El deseo es un tema que atraviesa todo el relato de Las mil vidas de Gabriela: el deseo en relación a la familia, la libertad, la independencia. En relación al proceso creativo: los momentos de avance y los de repliegue. En relación al amor y a la maternidad. En relación a la residencia: algunas veces quedándose; otras, yéndose. La sensación que queda tras la lectura de esas páginas es la de haber conocido a una mujer con un vínculo muy visceral con el presente: cada una de esas mil vidas es la confirmación de un presente absoluto. En uno de los capítulos, habla de “no correr detrás del tiempo, más bien tomarlo, acariciarlo, retenerlo” y esa construcción permanente del presente llega hasta la actualidad: “Mi tiempo es hoy. Es lo único que me queda. No sé cuánto.
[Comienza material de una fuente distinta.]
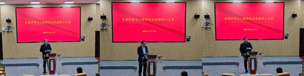 2025年10月16日,我院在燕山校区逸夫楼103报告厅召开全体教职工大会,并开展师德师风专题学习。会议由学院党委书记崔东峰主持。
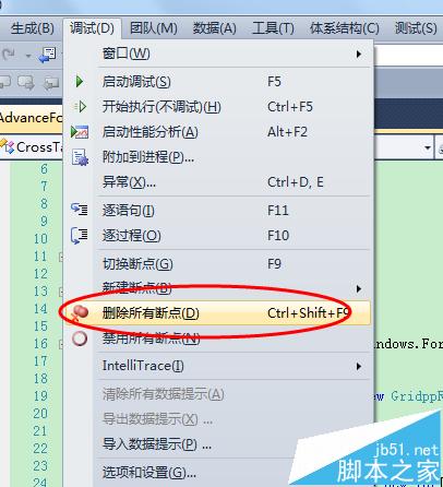 1、可通过第三步中的方法进行断点的切换(即取消),若程序中有多个断点,要取消全部断点,可以在”调试“菜单下看到”删除所有断点“,点击”删除所有断点“(或使用快捷键shift+ctrl+F9)即可将所有断点删除。
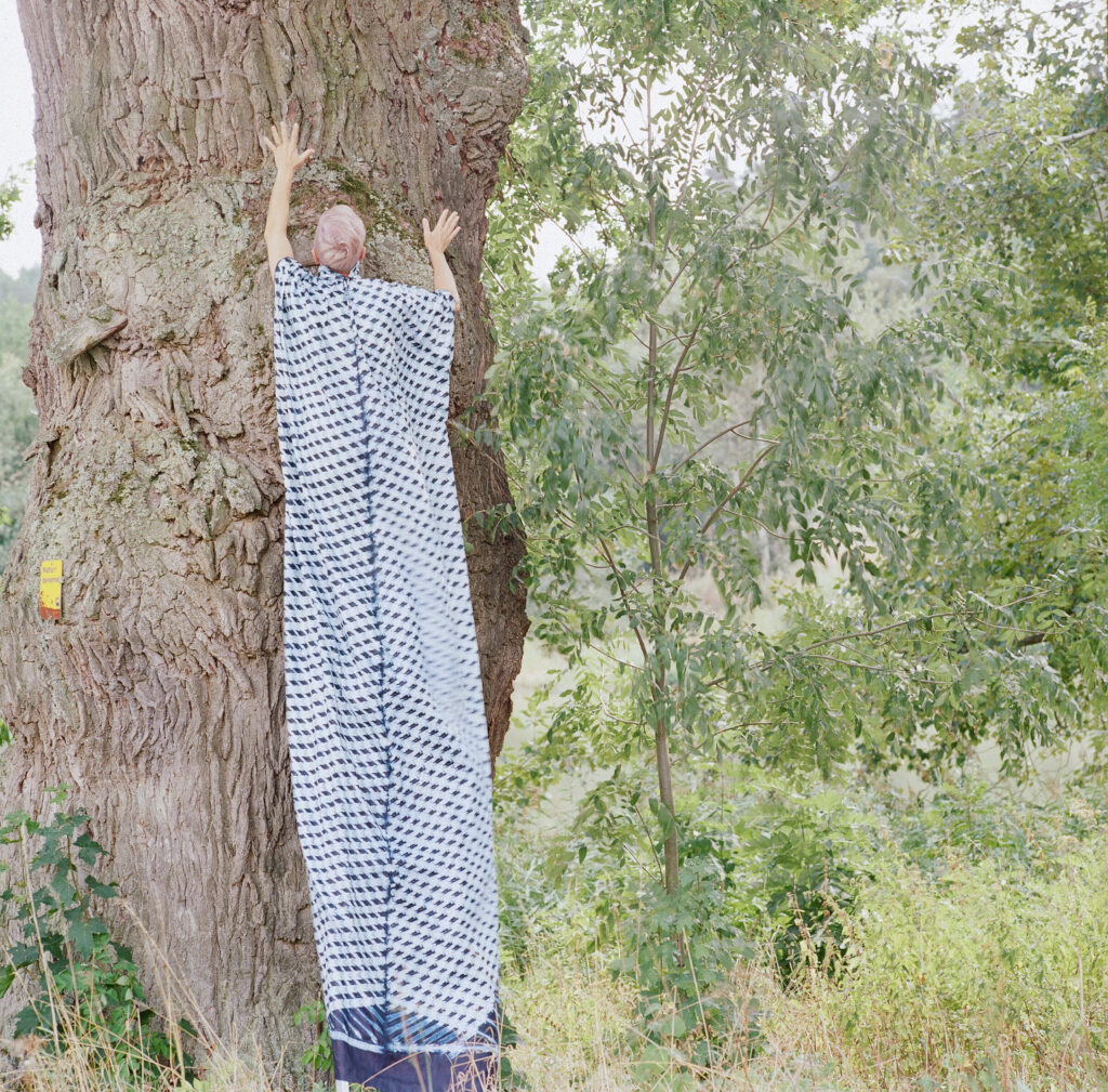 This Adire textile came to me from Adedoyin Faniyi via our mutual friend Marion Steiner, with a word attached to it in a drawn-written way on a sticky note: “Sliding.” After a very long time, I gathered the courage to cut into these meters of white-to-blue. I cut only one hole, through which my head would go. From there, I stitched the fabric into a dress that tries to honor its name—by dots, not lines. I kept the cut-out piece in case I decide to make the textile whole again.

No lo pensaba antes, cuando era más joven, lo pienso ahora, porque me despierto todos los días y cada uno es como un regalo. Antes era una especie de tolva del deseo, que quería conseguir las cosas a toda costa y no paraba hasta que no las conseguía. Ese deseo, esa ambición, esa polenta, hoy ya se fueron. Tuve que cambiar muchas cosas por las circunstancias de la vida. Uno tiene que aceptar sus propios cambios, aunque sea difícil, porque vos tenés una imagen de vos misma y de golpe no sos más esa persona. Queda una esencia".
-Tu vínculo con la creación fue muy intermitente. A momentos muy productivos le siguieron largos períodos de silencio musical.
-El desvínculo con la creación es maravilloso. Porque yo no soy famosa. Soy prestigiosa, pero no famosa. Entonces ocurre que nunca nadie me espera: ni una discográfica ni una editorial. Y tengo todo ese tiempo en mis manos para dibujar realmente lo que quiero, sin apuros. En un momento, en lugar de verlo como lo veía antes, que me preocupaba porque nadie se interesaba por mí, empecé a verlo como una ventaja. Total no vivo de esto; nunca viví de la música porque no me daba, siempre tuve que trabajar de otras cosas. Entonces, ese desvínculo hizo que, cuando me vinculaba, lo hiciera mucho más profundamente y de verdad. Quizá pasaban años sin tener ese impulso y de golpe un día me despertaba con una melodía en la cabeza y, en lugar de seguir durmiendo, me levantaba de la cama y escribía. Así empezaron todas mis cosas. Con esa sorpresa que de repente aparece, entonces lo sigo un poco y esto no está tan mal, voy a probar esto otro y, sin darme cuenta, estoy otra vez en un proyecto, pero sin que nadie me espere.